In 2008, the European Commission found that several undertakings, including ABB, had participated in a cartel in the gas-insulated switchgear market. The Commission's decision was not appealed by ABB, as it was granted full immunity from the fine imposed. Following the Commission's decision, TenneT brought a claim for damages amounting to € 29.7 million before a Dutch lower court which held ABB liable for the damages and granted TenneT standing in a separate judicial procedure for the calculation of the damages. The lower court ruled that the passing-on defence was not relevant, as the fact that TenneT might have passed on the overcharge to its customers had no bearing on the higher price paid by TenneT for the switchgears at the time of purchase.
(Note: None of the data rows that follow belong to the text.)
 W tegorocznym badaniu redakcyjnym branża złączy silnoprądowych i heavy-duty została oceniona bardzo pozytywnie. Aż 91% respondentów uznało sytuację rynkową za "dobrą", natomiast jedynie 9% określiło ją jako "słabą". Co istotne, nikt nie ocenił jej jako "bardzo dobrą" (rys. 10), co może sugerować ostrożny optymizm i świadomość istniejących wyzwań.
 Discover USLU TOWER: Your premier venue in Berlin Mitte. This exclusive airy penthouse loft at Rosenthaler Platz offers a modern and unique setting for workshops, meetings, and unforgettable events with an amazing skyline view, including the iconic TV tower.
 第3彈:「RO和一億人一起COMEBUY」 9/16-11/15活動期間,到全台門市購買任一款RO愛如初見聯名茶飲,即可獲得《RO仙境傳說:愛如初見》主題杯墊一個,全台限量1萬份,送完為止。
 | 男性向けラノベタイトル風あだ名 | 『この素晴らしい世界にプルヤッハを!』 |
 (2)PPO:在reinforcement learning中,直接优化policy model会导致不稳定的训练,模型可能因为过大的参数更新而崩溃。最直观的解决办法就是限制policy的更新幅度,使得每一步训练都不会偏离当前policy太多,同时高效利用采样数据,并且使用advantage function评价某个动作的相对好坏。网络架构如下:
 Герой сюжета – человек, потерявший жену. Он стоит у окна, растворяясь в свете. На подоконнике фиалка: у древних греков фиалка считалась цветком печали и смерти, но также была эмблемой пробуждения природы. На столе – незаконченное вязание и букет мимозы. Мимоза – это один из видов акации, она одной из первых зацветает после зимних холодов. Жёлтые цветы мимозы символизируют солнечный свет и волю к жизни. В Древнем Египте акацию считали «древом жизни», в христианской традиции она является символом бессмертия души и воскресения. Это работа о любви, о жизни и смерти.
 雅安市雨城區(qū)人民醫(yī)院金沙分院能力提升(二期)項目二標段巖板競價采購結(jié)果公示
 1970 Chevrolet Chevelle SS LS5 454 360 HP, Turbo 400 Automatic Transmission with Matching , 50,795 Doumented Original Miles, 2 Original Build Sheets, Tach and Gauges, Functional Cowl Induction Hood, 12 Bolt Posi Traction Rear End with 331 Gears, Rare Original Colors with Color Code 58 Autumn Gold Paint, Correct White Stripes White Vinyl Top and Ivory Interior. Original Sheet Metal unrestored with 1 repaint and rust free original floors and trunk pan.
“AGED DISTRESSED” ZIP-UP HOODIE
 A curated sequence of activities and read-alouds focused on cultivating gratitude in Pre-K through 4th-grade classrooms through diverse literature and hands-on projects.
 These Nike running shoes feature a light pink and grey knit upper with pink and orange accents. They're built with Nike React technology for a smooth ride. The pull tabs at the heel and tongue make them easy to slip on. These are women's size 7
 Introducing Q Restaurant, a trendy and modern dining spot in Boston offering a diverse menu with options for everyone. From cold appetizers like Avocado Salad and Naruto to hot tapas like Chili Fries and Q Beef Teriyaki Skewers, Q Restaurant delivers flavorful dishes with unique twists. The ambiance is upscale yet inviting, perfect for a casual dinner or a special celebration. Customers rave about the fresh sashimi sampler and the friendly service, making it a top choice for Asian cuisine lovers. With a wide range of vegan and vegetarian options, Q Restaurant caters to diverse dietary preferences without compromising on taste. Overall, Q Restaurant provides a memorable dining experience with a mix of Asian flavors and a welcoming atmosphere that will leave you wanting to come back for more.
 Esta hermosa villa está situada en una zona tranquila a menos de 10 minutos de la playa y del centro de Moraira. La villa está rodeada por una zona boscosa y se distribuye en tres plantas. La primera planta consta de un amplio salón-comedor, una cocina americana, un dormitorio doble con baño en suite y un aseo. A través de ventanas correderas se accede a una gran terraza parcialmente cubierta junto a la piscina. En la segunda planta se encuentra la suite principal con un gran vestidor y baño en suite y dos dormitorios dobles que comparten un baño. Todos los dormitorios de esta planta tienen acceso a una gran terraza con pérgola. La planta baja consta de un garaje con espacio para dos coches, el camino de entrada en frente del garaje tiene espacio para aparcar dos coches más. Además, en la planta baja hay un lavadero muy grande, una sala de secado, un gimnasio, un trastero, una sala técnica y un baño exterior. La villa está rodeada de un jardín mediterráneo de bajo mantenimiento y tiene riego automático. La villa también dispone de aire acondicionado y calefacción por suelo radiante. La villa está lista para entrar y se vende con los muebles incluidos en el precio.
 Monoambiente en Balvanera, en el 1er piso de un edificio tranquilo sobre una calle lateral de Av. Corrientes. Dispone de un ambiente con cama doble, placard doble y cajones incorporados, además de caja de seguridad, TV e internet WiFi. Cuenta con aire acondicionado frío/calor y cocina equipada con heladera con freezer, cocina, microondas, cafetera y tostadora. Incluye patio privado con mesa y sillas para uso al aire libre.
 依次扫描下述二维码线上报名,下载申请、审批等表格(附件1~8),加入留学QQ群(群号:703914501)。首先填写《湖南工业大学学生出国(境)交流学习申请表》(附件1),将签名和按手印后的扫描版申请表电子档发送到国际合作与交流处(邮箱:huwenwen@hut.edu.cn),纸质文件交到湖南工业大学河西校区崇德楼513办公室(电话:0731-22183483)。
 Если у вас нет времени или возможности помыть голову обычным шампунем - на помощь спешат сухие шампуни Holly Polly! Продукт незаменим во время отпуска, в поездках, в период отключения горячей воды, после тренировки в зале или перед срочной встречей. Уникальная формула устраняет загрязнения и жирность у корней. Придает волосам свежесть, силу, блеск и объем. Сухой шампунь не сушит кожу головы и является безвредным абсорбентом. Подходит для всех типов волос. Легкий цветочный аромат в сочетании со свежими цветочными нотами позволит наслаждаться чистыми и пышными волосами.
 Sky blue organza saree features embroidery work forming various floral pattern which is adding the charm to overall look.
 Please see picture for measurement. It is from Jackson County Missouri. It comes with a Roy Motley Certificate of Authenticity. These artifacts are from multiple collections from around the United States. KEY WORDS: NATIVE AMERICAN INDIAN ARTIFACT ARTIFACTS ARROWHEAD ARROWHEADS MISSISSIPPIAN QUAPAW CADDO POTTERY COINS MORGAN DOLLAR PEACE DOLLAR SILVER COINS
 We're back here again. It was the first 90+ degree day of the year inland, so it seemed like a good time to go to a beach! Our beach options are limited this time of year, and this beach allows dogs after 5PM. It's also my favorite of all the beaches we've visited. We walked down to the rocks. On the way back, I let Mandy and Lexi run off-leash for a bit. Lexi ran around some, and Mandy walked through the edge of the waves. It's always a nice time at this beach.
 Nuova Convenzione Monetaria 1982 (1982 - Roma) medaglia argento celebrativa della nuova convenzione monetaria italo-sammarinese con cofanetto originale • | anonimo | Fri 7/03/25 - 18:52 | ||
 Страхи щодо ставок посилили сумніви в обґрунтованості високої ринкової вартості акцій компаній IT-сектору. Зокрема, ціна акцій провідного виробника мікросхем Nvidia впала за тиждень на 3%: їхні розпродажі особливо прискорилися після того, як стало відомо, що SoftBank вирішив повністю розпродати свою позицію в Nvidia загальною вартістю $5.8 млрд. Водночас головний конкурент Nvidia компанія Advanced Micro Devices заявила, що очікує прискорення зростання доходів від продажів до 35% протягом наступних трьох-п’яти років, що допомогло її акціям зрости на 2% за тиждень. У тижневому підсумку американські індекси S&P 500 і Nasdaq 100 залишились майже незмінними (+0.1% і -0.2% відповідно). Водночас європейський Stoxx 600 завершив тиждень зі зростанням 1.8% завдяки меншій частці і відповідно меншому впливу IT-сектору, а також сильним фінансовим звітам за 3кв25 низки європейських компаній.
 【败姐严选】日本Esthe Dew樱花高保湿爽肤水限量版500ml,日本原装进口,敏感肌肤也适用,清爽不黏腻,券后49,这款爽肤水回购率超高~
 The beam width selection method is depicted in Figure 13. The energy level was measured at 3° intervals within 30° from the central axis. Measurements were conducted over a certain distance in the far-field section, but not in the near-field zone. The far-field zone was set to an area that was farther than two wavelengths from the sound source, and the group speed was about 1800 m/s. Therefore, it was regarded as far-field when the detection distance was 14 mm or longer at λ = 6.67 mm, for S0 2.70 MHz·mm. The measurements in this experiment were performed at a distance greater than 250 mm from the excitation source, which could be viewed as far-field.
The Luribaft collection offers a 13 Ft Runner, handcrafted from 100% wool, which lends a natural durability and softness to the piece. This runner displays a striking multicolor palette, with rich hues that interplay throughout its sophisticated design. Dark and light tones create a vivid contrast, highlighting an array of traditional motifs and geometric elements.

On appeal ABB challenged the lower court's ruling, inter alia, on the ground that it had rejected ABB's passing-on defence. The Appeal Court held that damages should in principal be calculated at the time when they are incurred: in this case the moment when TenneT purchased the gas-insulated switchgears from ABB. However, in view of the case law of the Court of Justice of the European Union ("ECJ") and the recent EU legislative developments concerning the calculation of antitrust damages in such cases, the Appeal Court ruled that other circumstances at a later stage, such as passing-on, might be relevant for the calculation of the damages. The Appeal Court emphasised that in case of passing-on, the incurred injury has been diverted wholly or partially to another party who, according to the case law of the ECJ, is to be granted separate standing to seek compensation for the injury that has been passed on.

Consequently, the damages suffered by TenneT are to be determined by reference to the overcharge paid by TenneT minus the part of the damage that might have been passed on to the customers of TenneT. The Appeal Court rejected ABB's other grounds of appeal and thus confirmed the lower court's judgment subject to the corrected reasoning concerning ABB's passing-on defence.